Making Your Robot Competition Ready
At some point your robot stops being a development toy and has to survive on a real table, in front of real judges, with no laptop tethered to it. Competition mode is different from running from the Web IDE or with raccoon run: the robot has to start on a light signal, it has to stop itself after 120 seconds without anyone pressing a key, and it has to do it reliably whether the Wi-Fi works or not.

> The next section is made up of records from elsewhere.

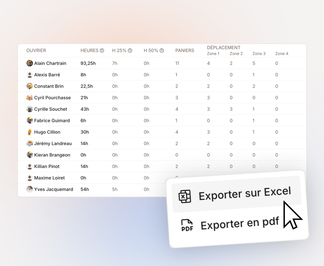 Export Excel ou PDF en un seul clic, prêt pour votre gestionnaire de paie
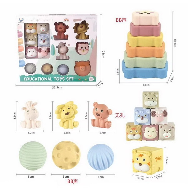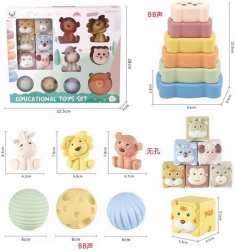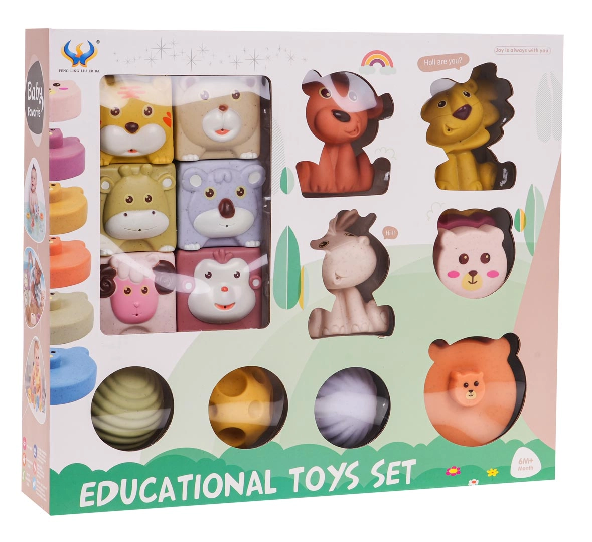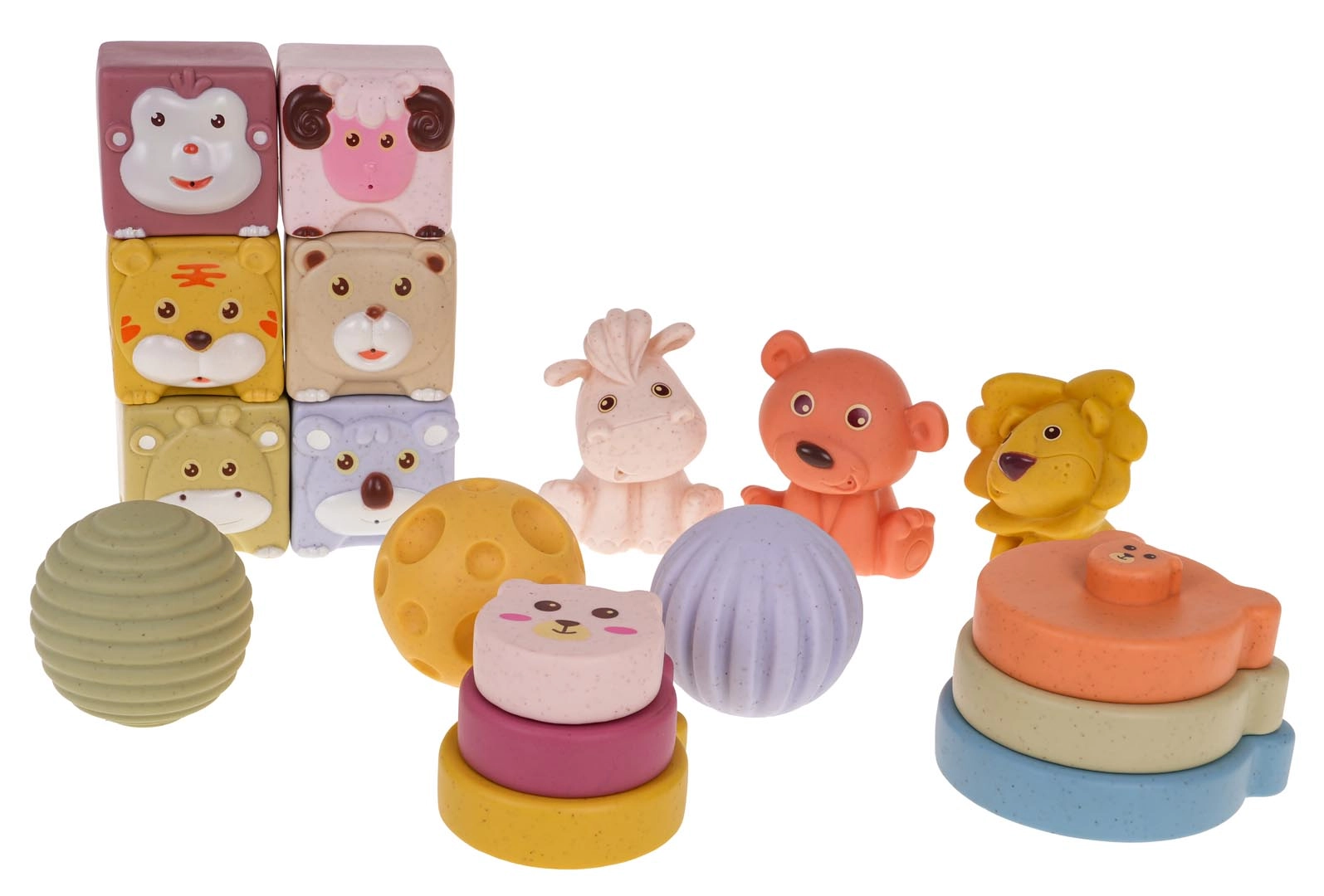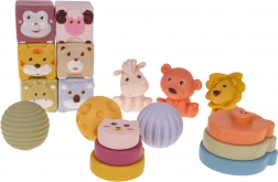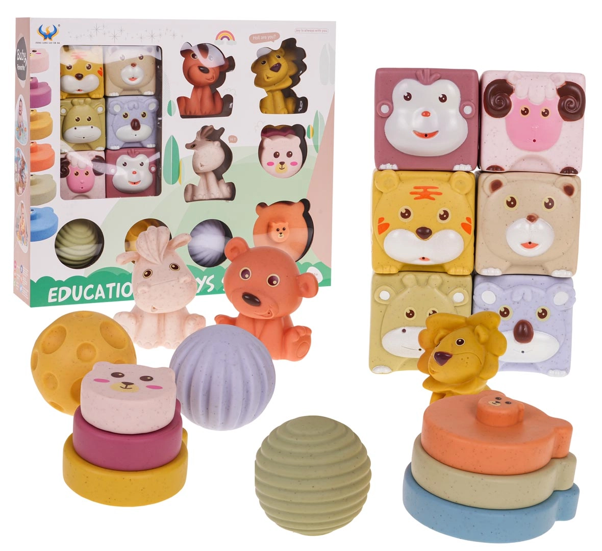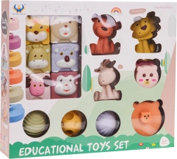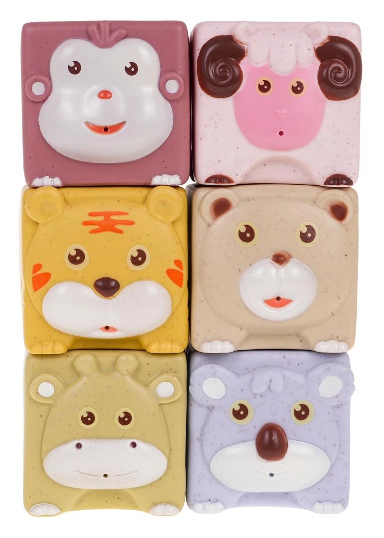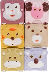 - 6 kocaka sa životinjama: majmun, ovca, tigar, medvjed, jelen, koala; svaka s različitom teksturom i bojom.
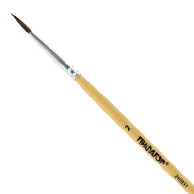 Кисть ПИФАГОР №2 подходит для работы с акварелью, гуашью, тушью, а также для прорисовывания различных деталей рисунка. Снабжена защитным пластиковым колпачком.
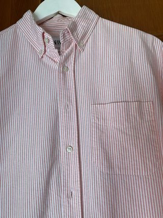 Camisa de estilo Oxford con un diseño de rayas verticales en tonos rosas y blancos. Es una prenda clásica y versátil. - Cuello abotonado. - Bolsillo en el pecho.
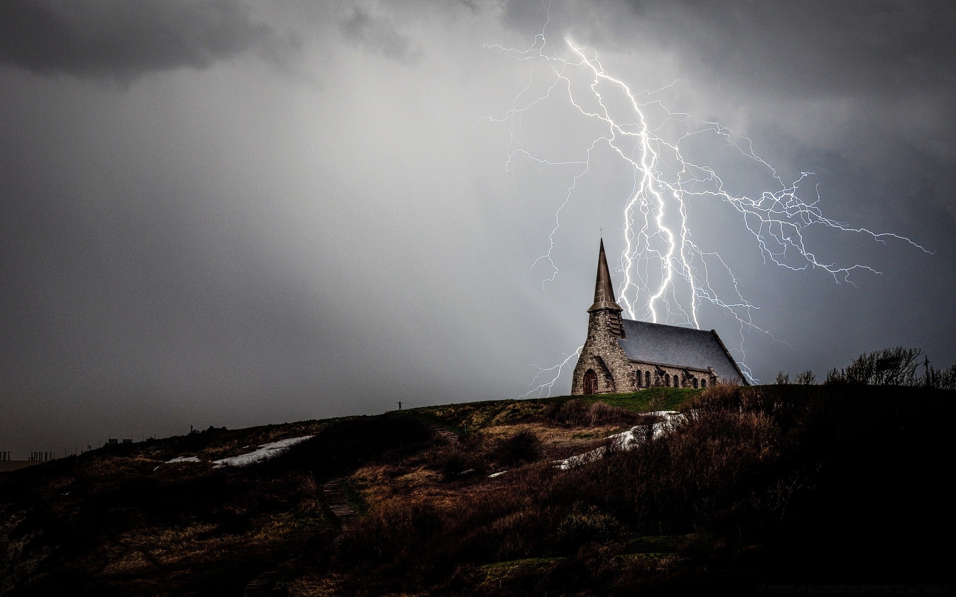 Éclairs d'orage scintillant au-dessus de la maison
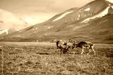 Landscape with wild reindeer. Summer Svalbard. with massive antlers horns deer On the Sunset, Norway. Wildlife scene from nature Spitsbergen
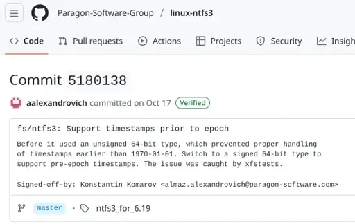 cm0002@toast.ooo to Linux@programming.dev · 7 days agoLinux NTFS3 Driver Will Now Support Timestamps Prior To 1970plus-squarewww.phoronix.comexternal-linkmessage-square18linkfedilinkarrow-up184arrow-down10
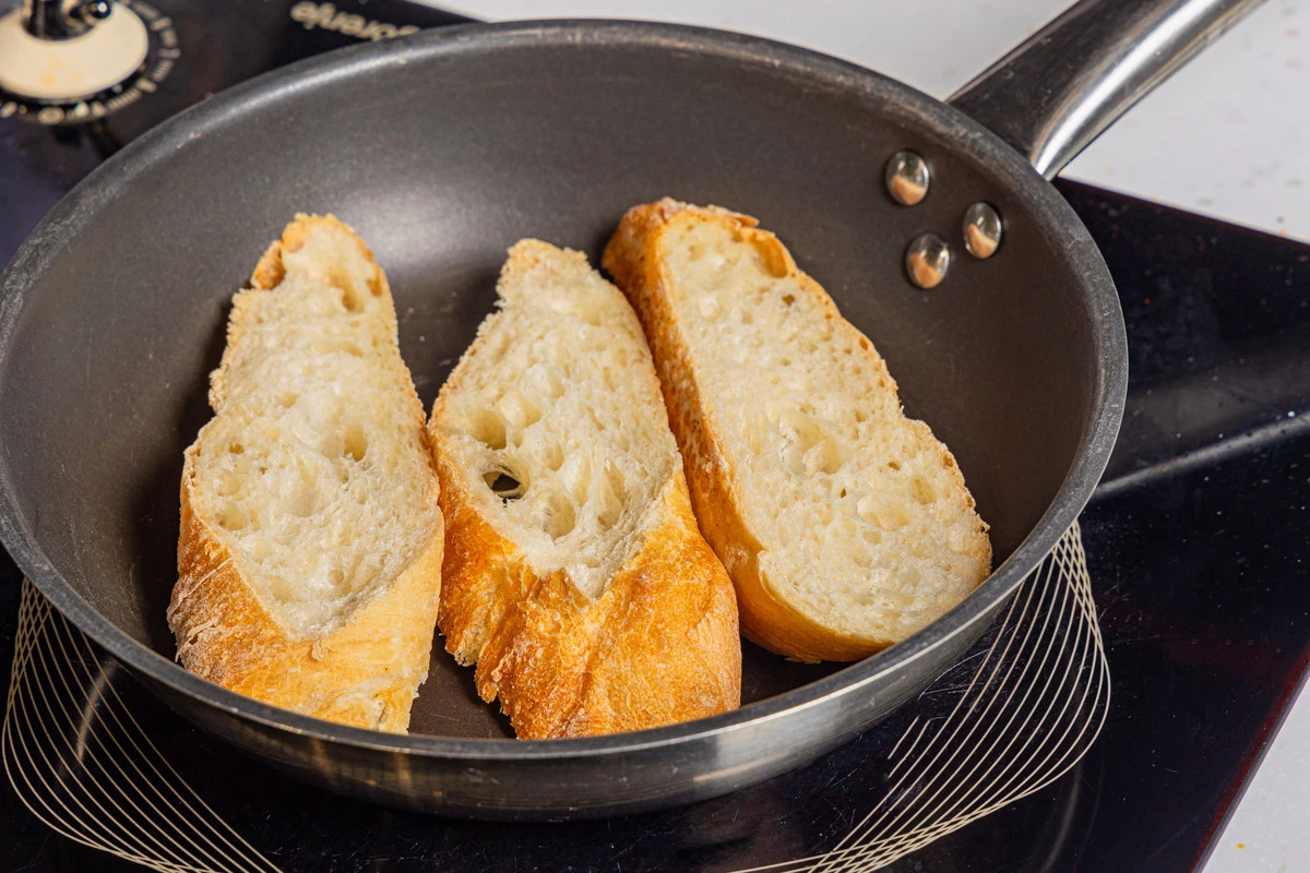 Багет нарежьте наискосок длинными ломтиками и подсушите на сухой сковороде.
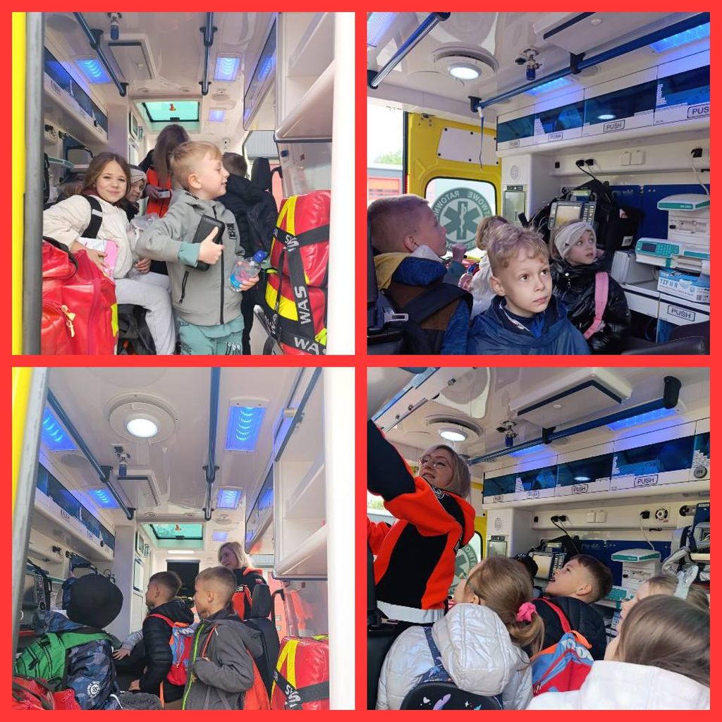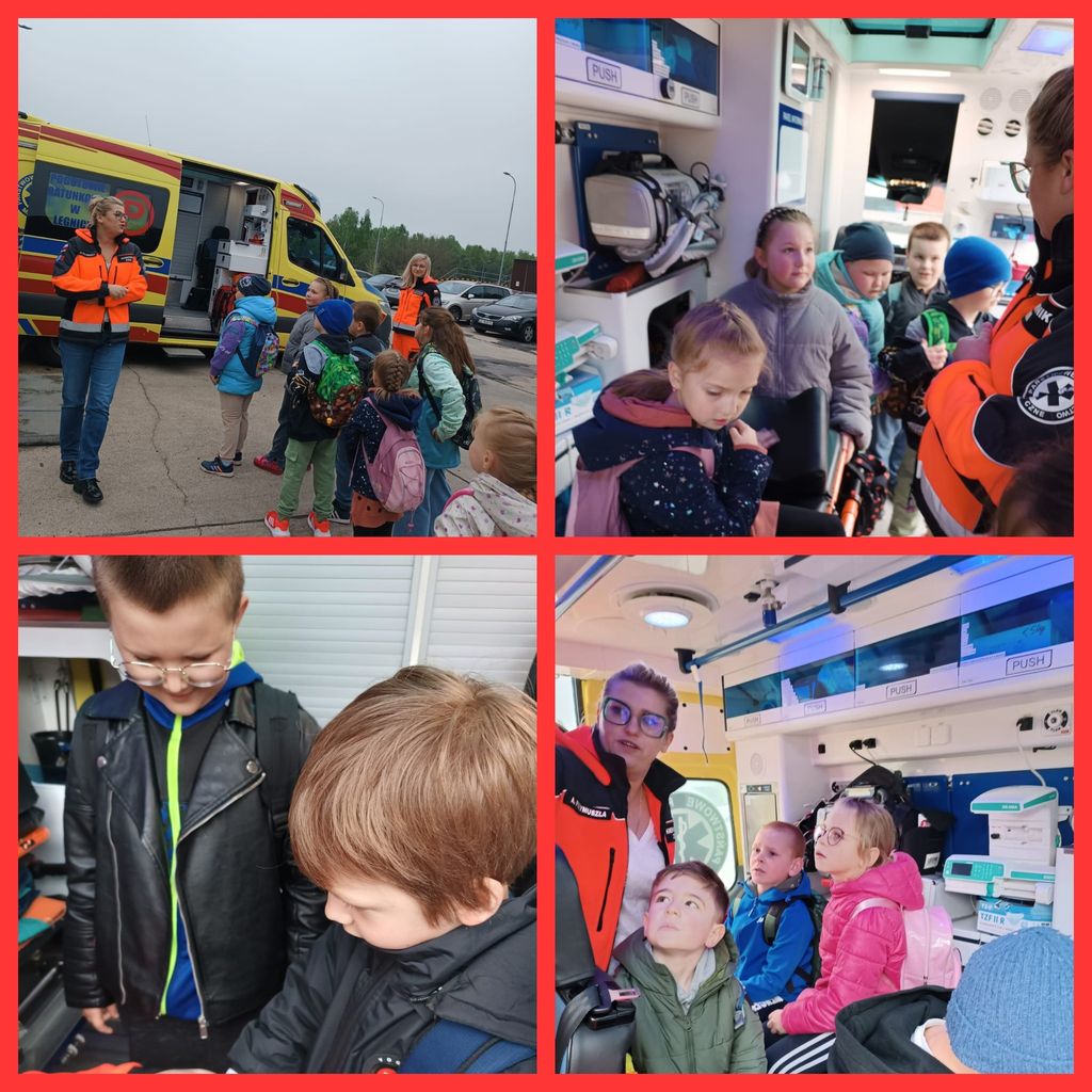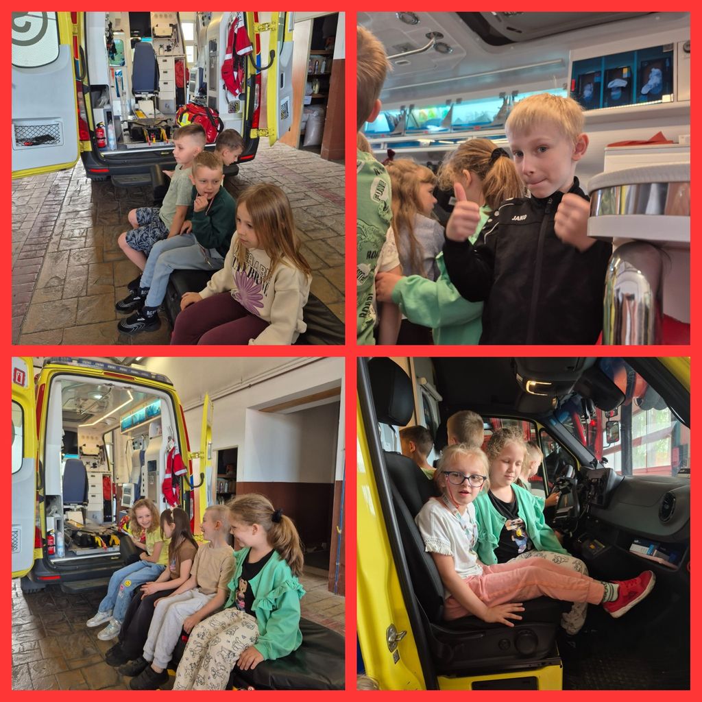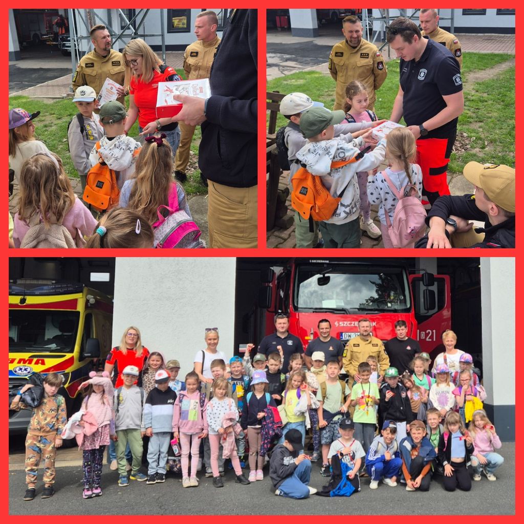 23 i 25 maja uczniowie klas pierwszych wybrali się na pieszą wycieczkę do Zespołu Ratownictwa Medycznego oraz Komendy Powiatowej Państwowej Straży Pożarnej w Polkowicach. Na miejscu dzieci zapoznały się z pracą ratownika medycznego i strażaka. Poznały również pracę dyspozytora, który przyjmuje zgłoszenia i wysyła zespoły ratownicze na miejsce zdarzenia. Tu miały możliwość wykazania się swoją wiedzą na temat znajomości numerów alarmowych oraz zgłaszania zdarzenia przez telefon. Ogromną atrakcją wycieczki było przymierzanie strażackich strojów, zjazd strażaków po ślizgu, czyli „strażackiej rurze”, a także karetka pogotowia i wóz strażacki, do których dzieci mogły wejść, zobaczyć znajdujący się w nich sprzęt, a nawet położyć się na noszach oraz użyć sygnałów dźwiękowych. Niesamowitym przeżyciem była też przejażdżka wozem strażackim oraz lanie wody ze strażackich węży. Dzieci oglądały wszystko z ogromnym entuzjazmem i wróciły z wycieczki pełne niezapomnianych wrażeń.
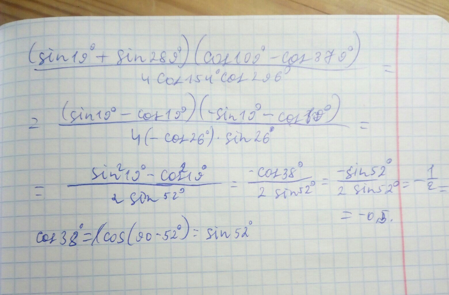 Я использовал формулу приведения, формулу разности квадратов и формулу синусов, косинусов двойного угла
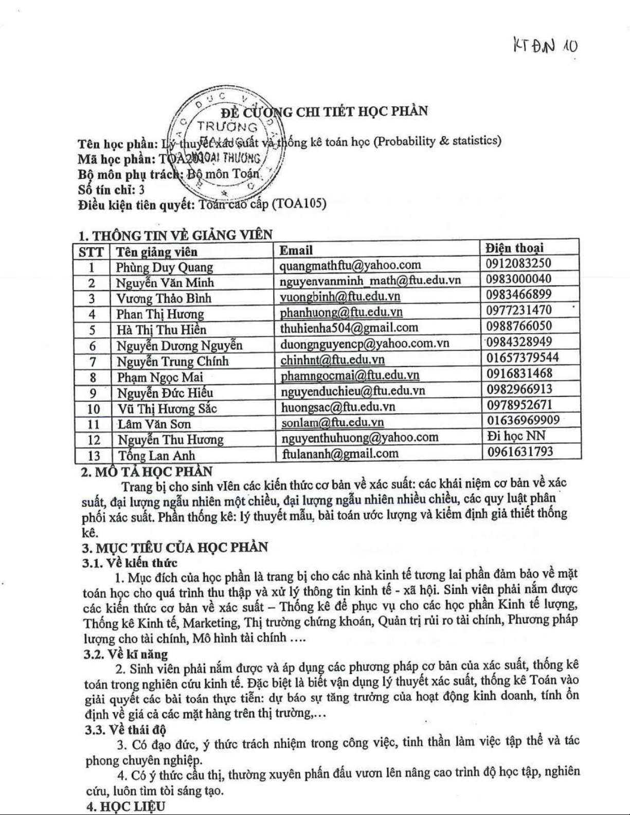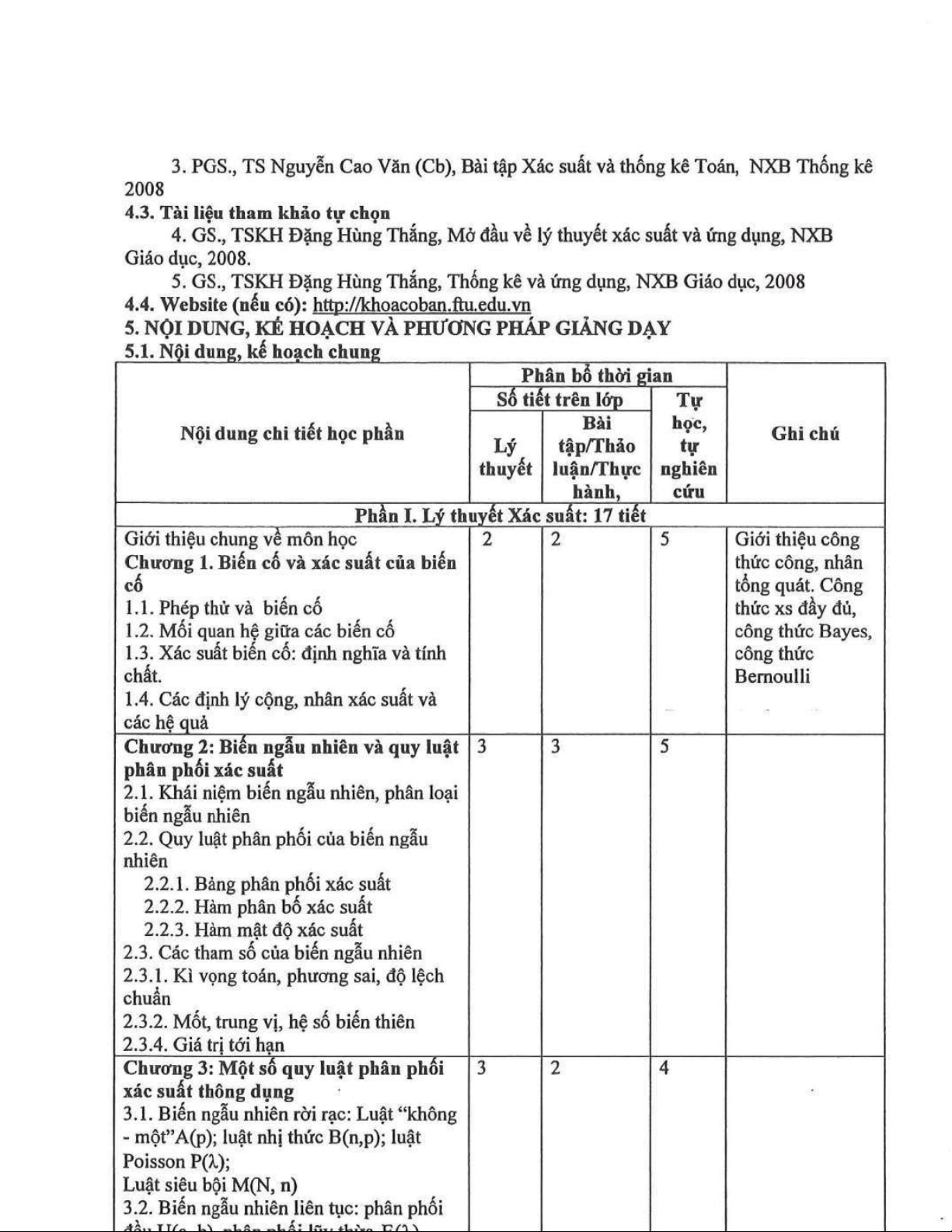 Đề cương chi tiết học phần môn Xác suất thống kê| Trường Đại học Ngoại Thương
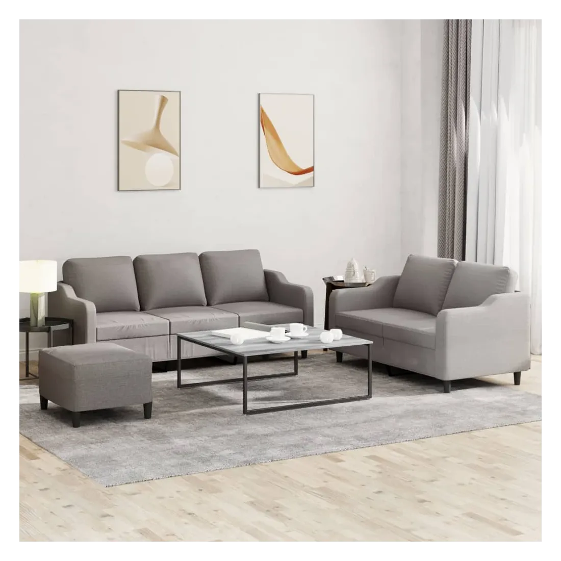 Cet ensemble de canapés est un excellent endroit pour discuter, lire, regarder la télévision ou simplement vous détendre. Il est destiné à être un point central de votre maison. Tissu durable : le tissu présente un aspect simple et épuré tout en restant respirant et durable.Structure robuste et stable : la structure en contreplaqué et en métal du canapé assure robustesse et stabilité. Expérience d'assise confortable : le canapé est très confortable avec le siège, les accoudoirs et les oreillers de dossier bien rembourrés. Pouf polyvalent : ce repose-pied convient pour reposer vos pieds lorsque vous êtes allongé dans un canapé ou pour vous offrir un siège supplémentaire dans votre pièce. De plus, le design simple et la taille compacte le rendent idéal pour presque tous vos espaces de vie.

This page walks you through the three things you need to turn your development robot into a competition robot:
- Wait-for-light — starting the robot from the competition start lamp
shutdown_in— the automatic emergency stop timer- The shutdown mission — the safe cleanup that runs when time is up
Each of these is opt-in. Without them, your robot still works — it just won’t be legal at competition.
The Competition Flow
Before touching any config, it helps to understand what the framework does on your behalf when everything is wired up correctly. This is what happens from the moment the robot boots at the table to the moment the match ends:
graph TD
Boot["Robot boots"] --> Setup["setup_mission runs
servos home, calibration"]
Setup --> Gate{"wait_for_light_sensor
defined?"}
Gate -->|Yes| WFL["wait_for_light gate
warmup → test → armed"]
Gate -->|No| Button["Wait for button press"]
WFL --> Clock["T=0: mission clock starts"]
Button --> Clock
Clock --> Main["Main missions run
in list order"]
Main --> Timer{"shutdown_in
reached?"}
Timer -->|Yes, timer fires| Cancel["Current mission cancelled"]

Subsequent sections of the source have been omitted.